Keywords: asthma, immunity, innate, macrophage activation, mesenchymal stem cells


Asthma, characterized by airway hyperresponsiveness (AHR) and airway remodeling, is denoted as a prototypical T helper type 2 (Th2) inflammation, which usually shows a good response to inhaled corticosteroids (ICS) (Bosnjak et al., 2011). However, severe asthma is sometimes refractory to high doses of ICS, therefore alternative approaches may be required to reduce inflammation and improve corticosteroid response (Carr and Szefler, 2016).

While the pathogenesis of asthma has traditionally focused on adaptive immune responses to environmental stimuli, the innate immune system has recently been highlighted as a driver of asthma development. Among the diverse innate immune cells, innate lymphoid cells (ILCs) have been identified as linkers of innate and adaptive immunity. Previous reports have shown that ILC2s, which secrete interleukin (IL)-4, IL-5, and IL-13, contribute to eosinophilic inflammation in allergic asthma and coordinate adaptive immune responses (Doherty and Broide, 2019; Kim et al., 2016). ILC3s are mainly found in certain asthma endotypes, especially non-allergic and severe asthma, in which the release of IL-17 and/or IL-22 promotes neutrophilic inflammation. Macrophages are the most common immune cells in the airways. Depending on the stimulus, macrophages can be polarized into the M1 or M2 subtypes (Muraille et al., 2014). M1 macrophages are polarized by Th1 cytokines such as interferon-γ (IFN-γ). M2 macrophages, polarized by Th2 cytokines such as IL-4 and IL-13, are responsible for tissue repair, regeneration, and fibrosis (Bosco, 2019). Recent studies have revealed that M2 macrophage subtypes in murine asthma models are strongly associated with asthma pathophysiology (Kang et al., 2022; Lee et al., 2015). In particular, M2a cells triggered by IL-4, IL-13, and IL-33, initiate allergic responses by releasing IL-4 and IL-13. In addition, M2c cells activated by IL-10 and transforming growth factor-β (TGF-β) contribute to tissue remodeling (Jiang and Zhu, 2016). Taken together, the modulation of ILCs and hence macrophage polarization can be potential targets in asthma treatment (Fricker and Gibson, 2017).

Mesenchymal stem cells (MSCs) are non-hematopoietic, multipotent, self-renewable stromal cells.
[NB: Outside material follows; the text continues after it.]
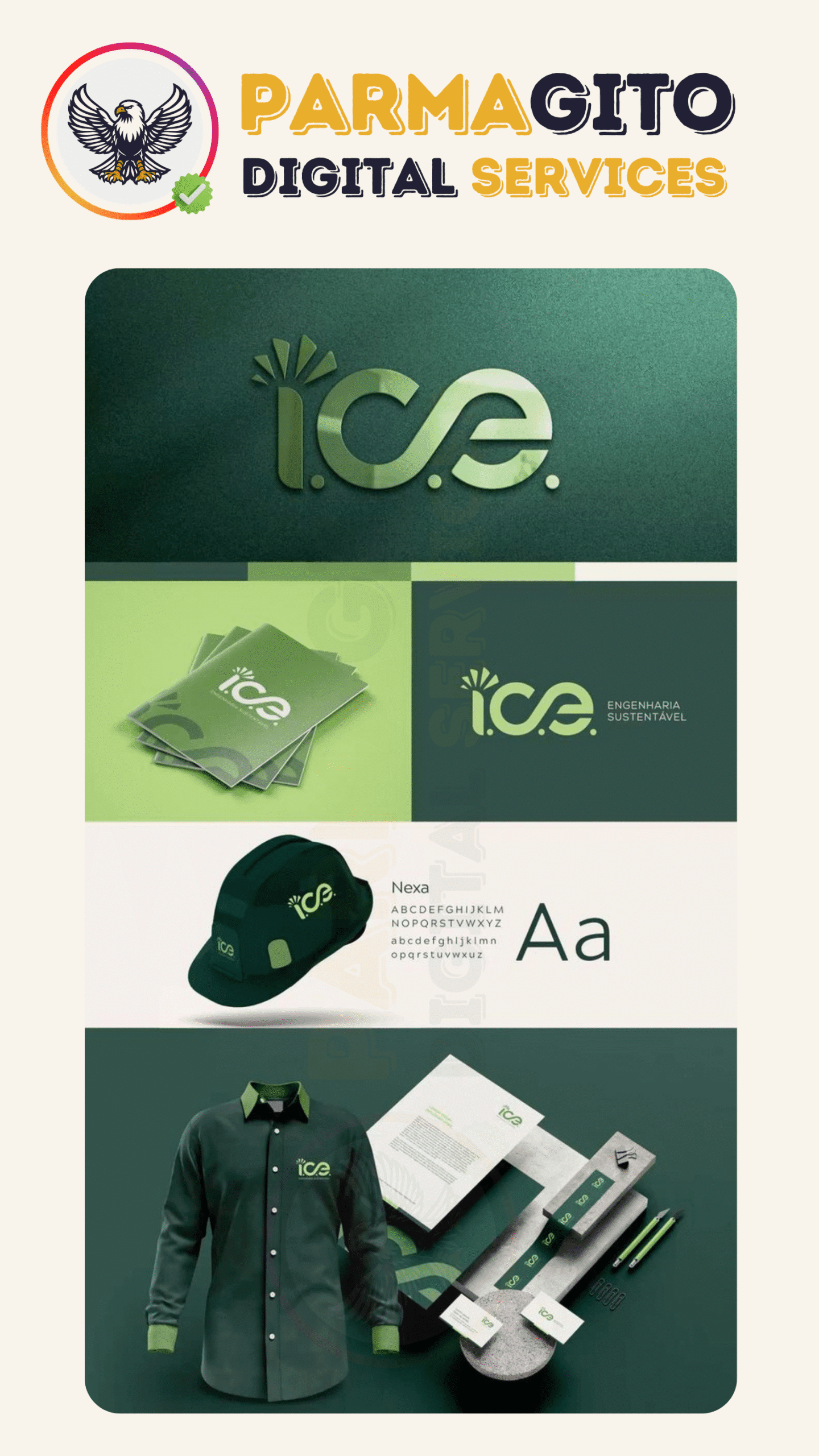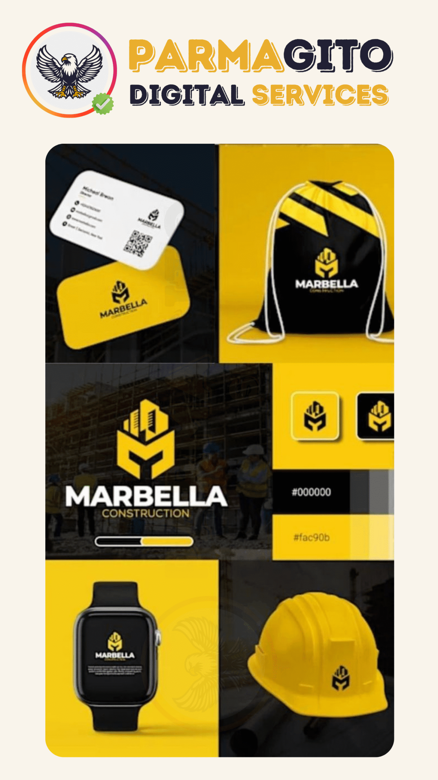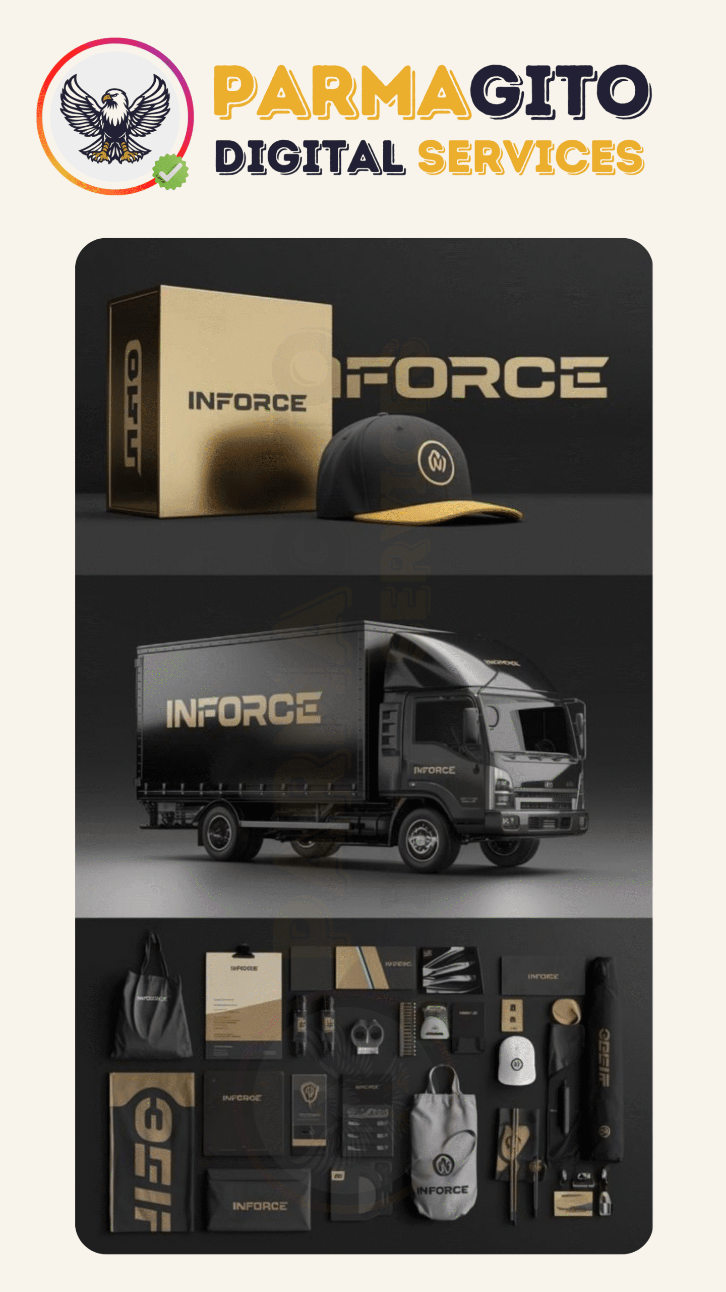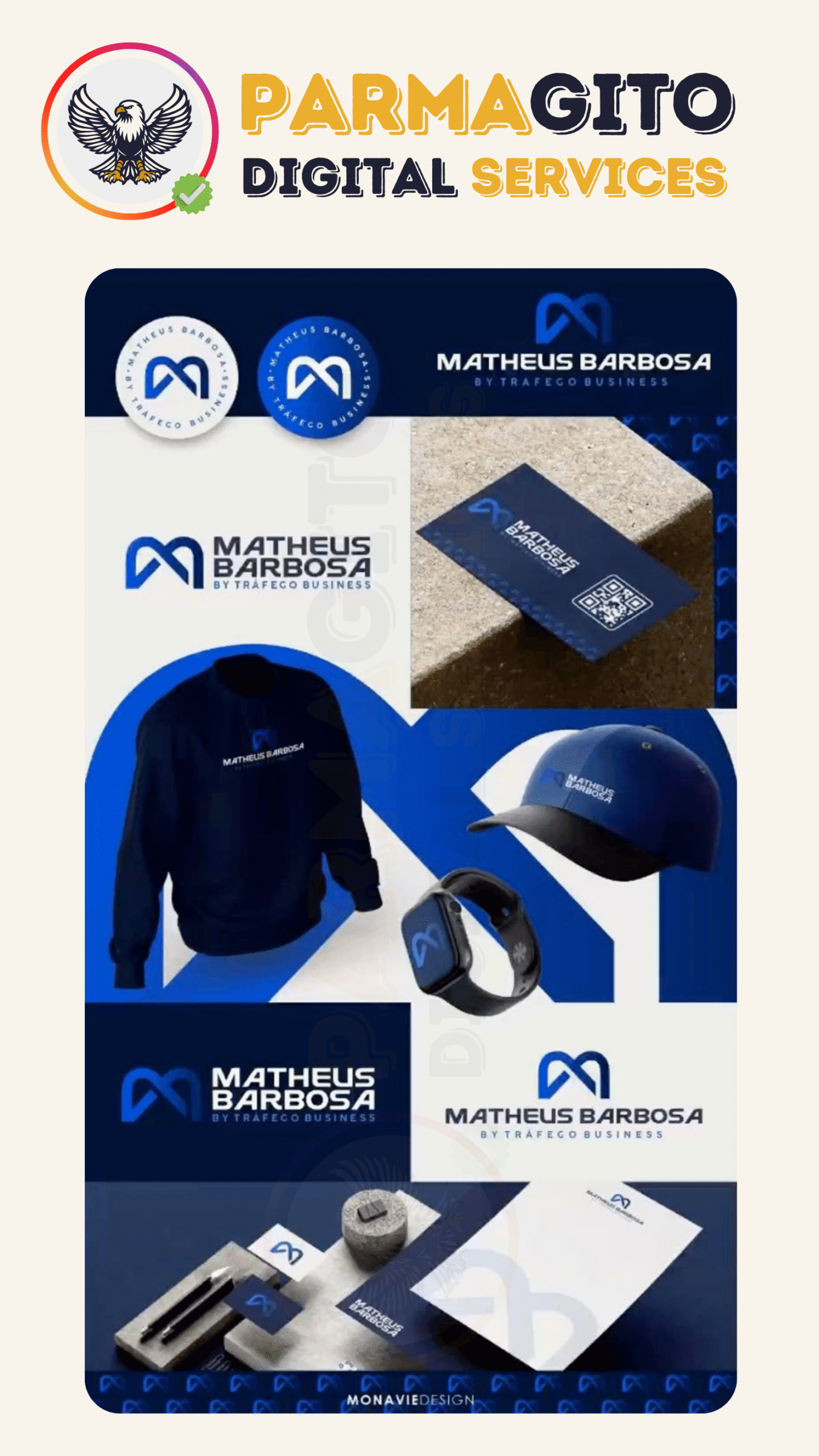 - Examples of Parmagito’s branding and design services, including logo design, visual identity, and business cards – crafted to strengthen your brand.

These can differentiate into various cell types, such as osteoblasts, chondrocytes, myocytes, and adipocytes (Wang et al., 2014). In addition, it was recently confirmed that MSCs modulate innate immune cells. However, the exact role of MSCs in regulating innate immune cells has yet to be clarified in asthma (Abumaree et al., 2013; Mo et al., 2022). Therefore, we investigated the immunomodulatory effects of human umbilical cord MSCs (hUC-MSCs) on innate immune cells including ILCs and macrophages in an ovalbumin (OVA)-induced murine allergic asthma model.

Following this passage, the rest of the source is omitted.